At the preliminary stage, she received training on chicken rearing along with its proper feeding, vaccination and marketing by the Local Service Providers (LSPs).

During the last couple of months, she earned Taka 1,800 after selling eggs and chicken. She told BSS that both demand and market price of native chicken variety is higher than that of others.

After becoming a part of her 25-member local cooperative society, Anuman Begum enjoys some extra privileges of poultry rearing and marketing.

Her eldest daughter Nadira Akter, a student of class 10 of her village school, gets all institutional expenses from her mother’s earnings that encourage her to higher education in the days ahead.

Apart from Begum, many other households of the poverty-stricken community are involved in the poultry rearing activities.

Tazkera Akhter, local community leader, said all the organised members are very much optimistic about improving their living and livelihood conditions through the poultry rearing value chain.

The households have learnt how to promote the community business after the best uses of the local resources and services.

Talking to BSS, the organised women urged the local service providers to supply modern technology and other requisite facilities to their activities for making the business profitable and sustainable.
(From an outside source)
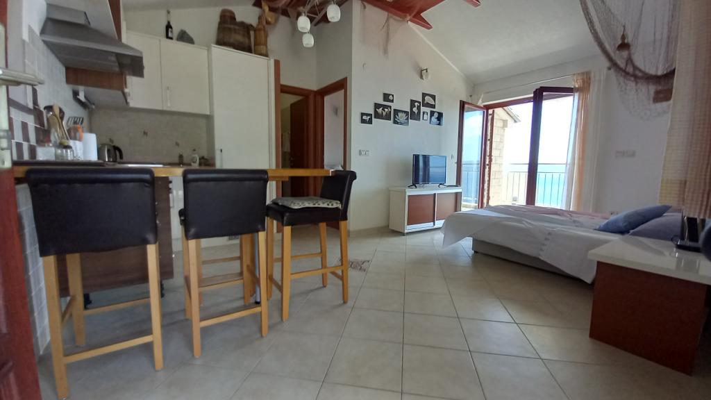 Des hôtes formidables (merci pour l'excellent gâteau aux noix maison, les figues sucrées et les barres chocolatées) et un superbe appartement avec une vue magnifique sur la mer et les îles depuis la belle terrasse et le transat étaient la cerise sur le gâteau. La cuisine offrait tout le nécessaire. Le lit et le lit d'appoint étaient parfaits pour dormir. Si vous avez besoin de repos et de tranquillité, c'est l'endroit idéal. Deux plages à proximité : l'une plus difficile d'accès, l'autre plus facile ; même avec un enfant, aucun problème. Je recommande également la plage du centre-ville (à 10 minutes à pied). Deux tavernes, un café et une boulangerie proposent du bon pain et d'excellentes pizzas. Emplacement idéal pour les excursions. Je recommande sans hésiter.

More than 8,500 poor and extreme poor households, most of them women, have developed 240 chicken rearing societies in 17 upazilas of Rajshahi, Chapainawabganj, Natore and Pabna districts.

Through establishing service contract points in their respective areas more than 750 LSPs deliver requisite training, advice and inputs services to the producers after taking training on chicken rearing.

Various public institutions and agencies provide extension services to the LSPs, who earn on an average Taka 1,500 per month. In practice, they disseminate different modern technology to the producers through setting demonstration plots within the working households.

“We organise community meetings with assistance of private companies for building awareness about quality products regularly,” said Nizamul Huda, an LSP of Puthiya.

The LSPs have good collaboration and linkage with line departments and private companies as they establish functional linkage with product based traders, pickers and private companies.

Dr Zulfiker Muhammad Akter Hossain, District Livestock Officer, told BSS that many of the rural households have now become involved in chicken rearing commercially through various GO-NGO level interventions which is a good sign for eradicating rural poverty.

“Basically, a silent revolution has taken place in poultry rearing,” he added.

In practice, most of the rural households, including the marginalized and ethnic minorities, are habituated to poultry birds farming as the means of meeting protein demands as well as overcoming financial crises through selling those.

On behalf of the government, various need-based services are being provided to the grassroots level poultry farmers for making their ventures profitable and sustainable.

As a whole, the poultry bird farmers are contributing a lot towards meeting protein demands as chicken and egg are the vital source of protein.